So often we think diets are the answer to our weight loss and for some the key to happiness. For Marie, a diet at age 10 was the gateway to an eating disorder. As one of 10 children in her house, Marie’s life was not like those around her; she felt like the weird girl who didn’t fit in with anyone. She was bullied because of her weight and thought she could control it through the diets her mom used. By age 13 she restricted food, and by age 15 a traumatic experience dangerously escalated her disordered eating habits.
When Marie got to college, her life became out of control. She shares, “Restricting became my only friend. The only thing I could lean on. If I wasn’t thinking about restricting, then I was thinking about things I didn’t want to think about.” Friends watched as she spiraled down the dangerous path of an eating disorder, and they intervened to get her some help.

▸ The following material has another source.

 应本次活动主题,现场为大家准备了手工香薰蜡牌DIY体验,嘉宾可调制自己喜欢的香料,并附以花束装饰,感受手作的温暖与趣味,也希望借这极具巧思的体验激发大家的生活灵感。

Marie first went into residential treatment, but after her weight was restored, she was sent home. She lacked treatment for the causes of her eating disorder. “I know I needed help, and I know I needed help coping with my negative emotions. An eating disorder is so much more than weight and food. There are words and actions that I needed help dealing with.” After she returned home, Marie relapsed, and her eating disorder continued. Her family was supportive, but coming from a big family made it difficult for others to see her struggle with anorexia. She kept them at a distance so she could be alone.

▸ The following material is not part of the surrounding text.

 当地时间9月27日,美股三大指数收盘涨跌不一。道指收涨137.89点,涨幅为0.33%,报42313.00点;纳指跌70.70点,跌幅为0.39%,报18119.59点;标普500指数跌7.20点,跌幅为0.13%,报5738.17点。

She knew she needed help to overcome her eating disorder, somewhere that would treat the cause of her disordered behavior. For Marie, that place was Magnolia Creek. Sometimes our struggles in life seem to be more than we can bear, that held true for Marie. Just four days before she was to leave for Magnolia Creek, she was involved in a severe car accident, one that should have ended her life. She remembers the paramedics telling her she must have had a purpose in life and a higher power was indeed trying to tell her something.
“I went to Magnolia Creek broken and bruised mentally, physically, spiritually, and emotionally. I wanted help and knew I needed help, even in the condition I was in, I knew I needed this place.”
Was Magnolia Creek something different?
When she arrived at Magnolia Creek, she met with Dietitian, Lucy Abruscato, who knew she was in the right place to fully recover. “When I met with my treatment team, I knew there was something different about this place. I instantly felt like I was cared for, understood, and listened too. Nobody judged me.” Magnolia Creek instills a sense of hope and empowerment by partnering with clients to be an active participant in their treatment. Marie immediately saw that she was in a supportive atmosphere designed to help her find a renewed hope and recover her life.
Marie will tell you that her eating disorder was stubborn, but she knew she was supposed to heal, “I was saved from death. I knew I had to put in the work, surrender to the process, and do what they were telling me to do. I had to put my whole heart into it. When things got tough, I knew I was on the right path.”
For six months, Marie worked hard to recover from anorexia. When times were hard, she worked harder. She knew she was onto something. Creative Arts was helpful in allowing Marie to express herself in ways she never thought she could. She learned her eating disorder did not define her.
The Family Program at Magnolia Creek also helped to bring her family closer. The Family Workshop is a two-day, intensive program that provides eating disorder education, communication, and boundary setting techniques, interactive groups, and family therapy sessions. For Marie, this workshop provided an opportunity for her parents and siblings to come and understand how her eating disorder not only affected her but her family. They learned what motivated Marie and through activities such as affirmations and amends, they stimulated discussions and conflict resolution.
Life After Magnolia Creek
Marie came to Magnolia Creek broken, ashamed, and feeling worthless, “I never believed I was pretty or worth anything, but that changed. Self-awareness can be so scary; it can be used to spiral or to look at yourself and say, ‘ok what do we do about this.'” Daily self-affirmations helped her understand she didn’t need to be ashamed. Today she believes what she wrote. She knows she is worth something, “I want to be my best friend. No one knows what I need to hear better than I do.”
During one of her final visits with Primary Therapist, Leah Riley, they discussed her next steps. She told Leah she knew she had to go into the world and find her purpose. She set goals and is ready to do what she wants to do. Marie is ready to rebuild her life.
“I came to Magnolia Creek not knowing my purpose, so I didn’t believe I had one. Today that has changed. Even though I don’t know what my purpose is, I believe that I have one, and it is going to be a grand adventure to find out what it is!”